At some point, it occurred to him that maybe trying to fall asleep on the couch wasn't helping his cause. Even if Danny had managed to get cozy, sitting straight up with the light of the TV in his face wasn't exactly Rusty's idea of a comfortable evening.
He started to sit up, flicking off the TV and plunging the room into blackness. A quick glance to his left told him he hadn't woken Danny up. In fact, Danny hadn't so much as moved a muscle—his wine glass still sat in his hand, tucked against his chest.
Leaving Danny with a glass overnight might not have been the smartest idea; drunk or not, Rusty could decide that much.
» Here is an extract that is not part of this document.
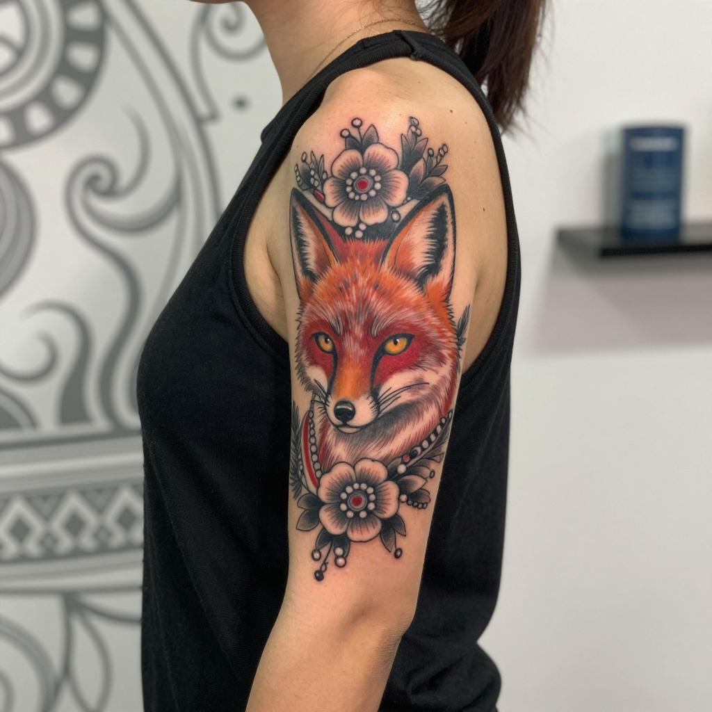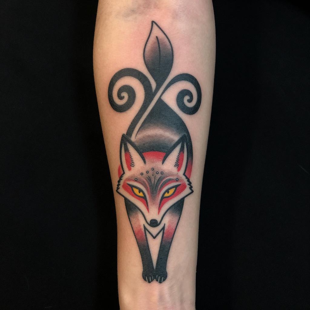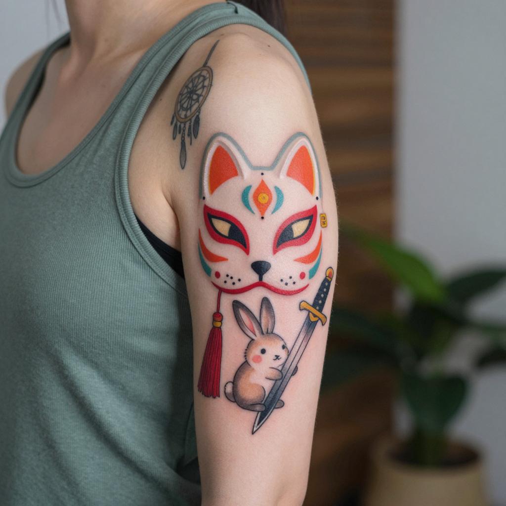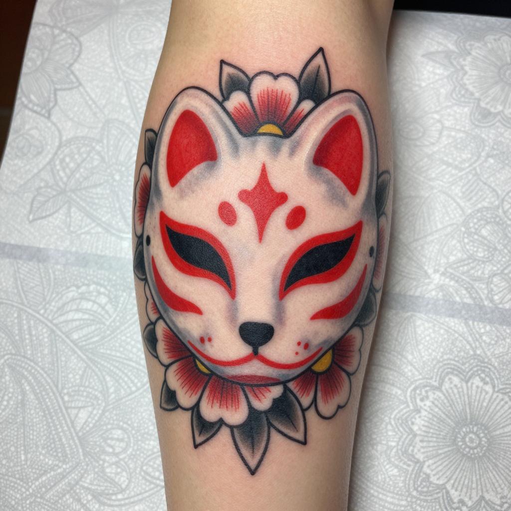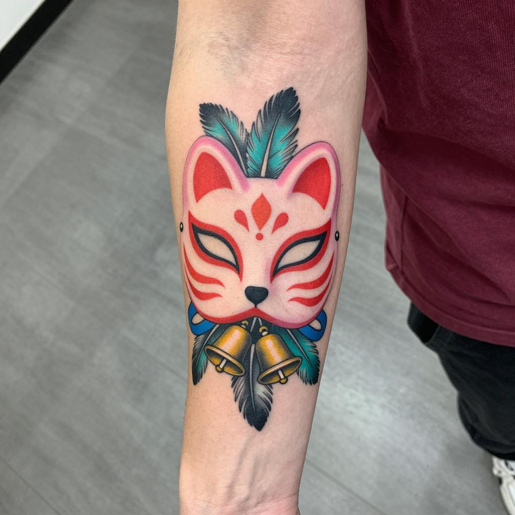 Tattoo on a person's forearm. A pink fox mask with red markings and blue ribbon-like elements, featuring two golden bells and teal feathers. The person wears a maroon sleeve, visible on the right. Background includes a gray floor.

They wouldn't want to spill it on the carpet or anything. God only knew how much the damage fees for red wine would be.
Rusty leaned over, pressing in close to Danny and lifting the glass from his hand. He set it down on the coffee table as gently as he could, a valiant effort if not an entirely successful one, and settled back on the couch to get his bearings.
Maybe it was the sound of the glass being set down, or maybe just how much he was moving, but something he did, he did wrong; there was a soft hum from next to him as Danny sat up a bit.
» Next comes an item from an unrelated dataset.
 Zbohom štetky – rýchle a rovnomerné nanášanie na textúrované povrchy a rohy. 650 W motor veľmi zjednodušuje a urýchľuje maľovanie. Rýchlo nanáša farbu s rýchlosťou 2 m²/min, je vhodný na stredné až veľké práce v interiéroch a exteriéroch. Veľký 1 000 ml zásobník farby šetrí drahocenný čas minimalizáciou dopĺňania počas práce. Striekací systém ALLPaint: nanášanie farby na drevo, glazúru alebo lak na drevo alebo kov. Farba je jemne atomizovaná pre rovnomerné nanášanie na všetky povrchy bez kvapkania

"Hey," Danny called softly, voice rough with sleep and wine. "What are you still doing up?"
Great question. Rusty didn't really know. "Sitting here."
Danny hummed in an unquestioning acknowledgement and sighed. Before Rusty could even think of getting up, an arm wrapped around his shoulders. Danny dragged him down as he readjusted, settling to lie across the couch, pulling Rusty against his chest in place of the now abandoned wine glass.
"Go to sleep," Danny urged, swinging his legs up onto the couch clumsily. He encouraged Rusty to do the same with a tap of his hand.
For a few seconds, Rusty just blinked into the darkness, bent over awkwardly so that his top half was lying on Danny, while his legs dangled uselessly off the couch. It was uncomfortable, but he couldn't bring himself to move. Pressed into the fluffy fabric of Danny's robe, he became aware of just how warm his face was and how hard his heart was beating in his chest.
It was the wine, he told himself. Just the wine, and nothing else. For now, he could almost believe it.
"'S okay," Danny encouraged when Rusty didn't move, running his fingers over Rusty's short hair. "I've got you."
Through the haze over his brain, and the darkness, and the lingering sparks of adrenaline, it felt like time had stopped. He wanted to say something, anything. But what would he say? Speechlessness wasn't a thing Rusty knew, and yet.
He wanted to say Danny had finally done it, he was about to cross a line, had already crossed a line, had gotten Rusty's hopes up that he might keep crossing that line. But Danny's breath was slowing again, and there was nothing Rusty could say. That was for the best, he decided. He never had to say much around Danny anyway.
So Rusty followed suit, pulling his legs up onto the couch, tangling them easily with Danny's until he couldn't tell what was his and what wasn't. Maybe this was what would finally get him to sleep, his eyes already heavy as he leaned into Danny's warmth, despite the hammering in his chest. Maybe it was nice to be had by someone, to be had by Danny, even just for a night.